The overall environment is similar to this baseball analogy:
every time I hit a deep shot to the warning tracks, the outfield wall gets
pushed back, robbing me of a home run. In the financial area that I work in,
investment management, there’s a minefield of competing and conflicting
deadlines, ad hoc requests that are supposed to trump everything else and an
ongoing work load that in its current delegated state finds the team I am on
falling behind just a little more each day.
My role and individual expectations within this environment
were clearly defined earlier this year when I transitioned to my new role and I
have met and exceeded these expectations, according to my management team. So
what’s the problem? Most would say that our problem lies in not having enough
bodies on the floor to do the work. If you ask me, I say that between our global
team the daily work flows are not delegated in an efficient manner to meet team
expectations. The result is that the last few holidays have not exactly been
holidays and there is an increasing demand from our management team to make 50+
hour weeks the norm.
I am no slacker though. From the moment I walk through my
employer’s doors at 6am I am all business and get through my day as efficiently
and as effectively as possible. I work my tail off from wire to wire until I
log off my PC. But losing holidays? Getting into the office early and losing
morning and evening time with my wife? And consistently being asked to work
beyond my fair share? In essence, at this time in my life it just doesn’t flow
with me.
So when asked this past weekend to come in over the Memorial
Day weekend I placed boundaries between myself and my employer, I said no. And I
have to be honest; it felt really….REALLY good!
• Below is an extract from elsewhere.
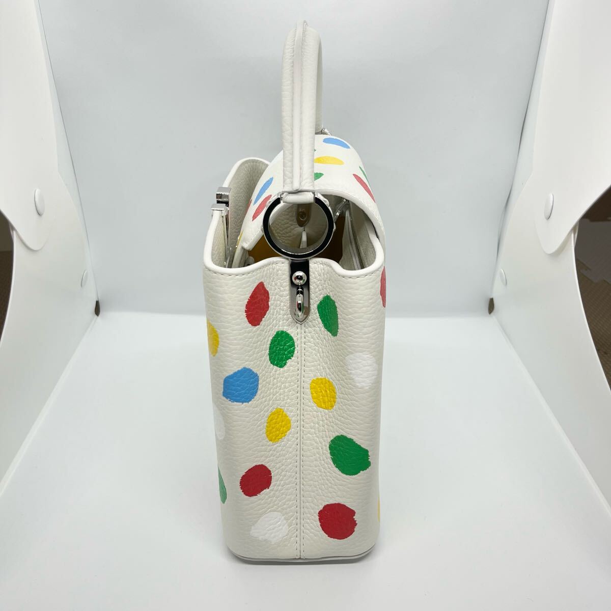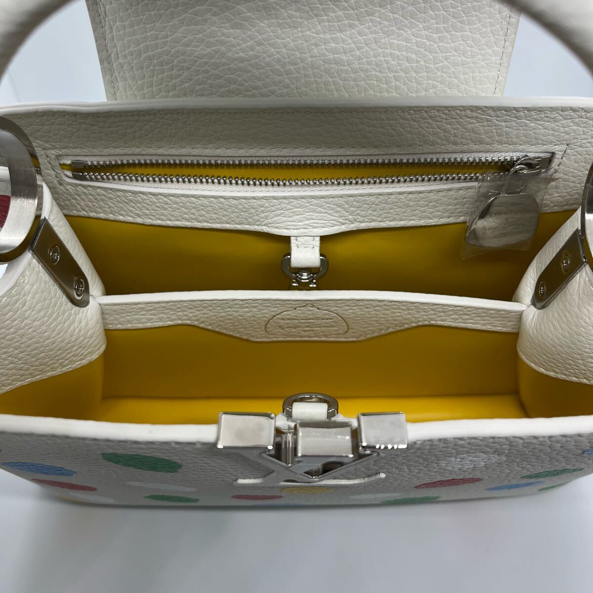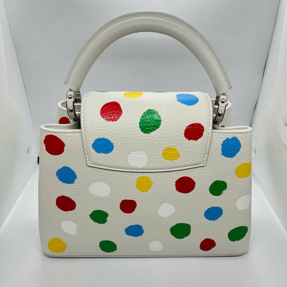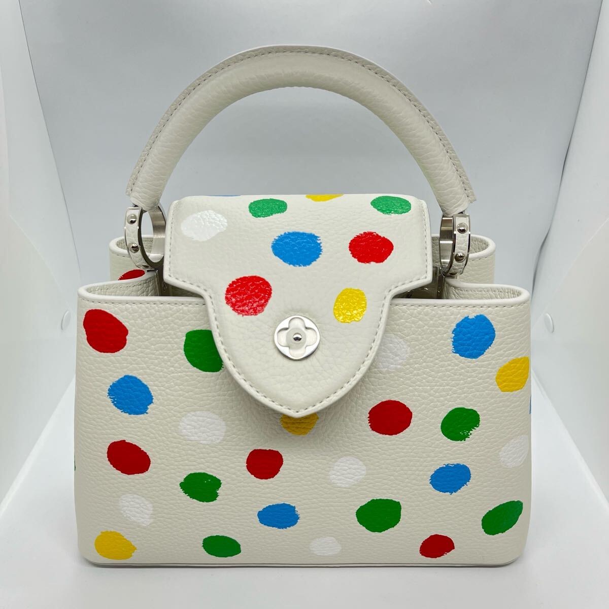 未使用・保護シール付き、ルイ・ヴィトンと草間彌生さんのコラボ商品カプシーヌBB ハンドバッグです。

The 3 day holiday was exactly
what I needed. My wife and I stayed here in Chicago and caught up on some great
R&R. We caught up on some much needed reading, spent just about every
second together and felt like we were getting to know each other all over
again.
And through it I’m calling myself on my own assertion. If my
work environment is causing me stress and conflicting with time to spend with
my loved ones, then I need to change my situation. Now please don’t get me
wrong. I’m an advocate of hard work and gazelle intensity as much as the next
Ramsey follower. If work seasonally gets busy or there’s a genuine influx of
activity that is wreaking havoc on my team, then hell yes I’m going to get
after it and put in the extra hours. But extra hours due to bad planning and
lack of foresight in task delegation? As one of my favorite actors sang, “I can’t
get behind that.”
So I’ve been in touch with a recruiter and have a temp
agency on file and I’m keeping an eye out for new roles and adventures that
will allow me the freedom, flexibility and work environment that I’m after.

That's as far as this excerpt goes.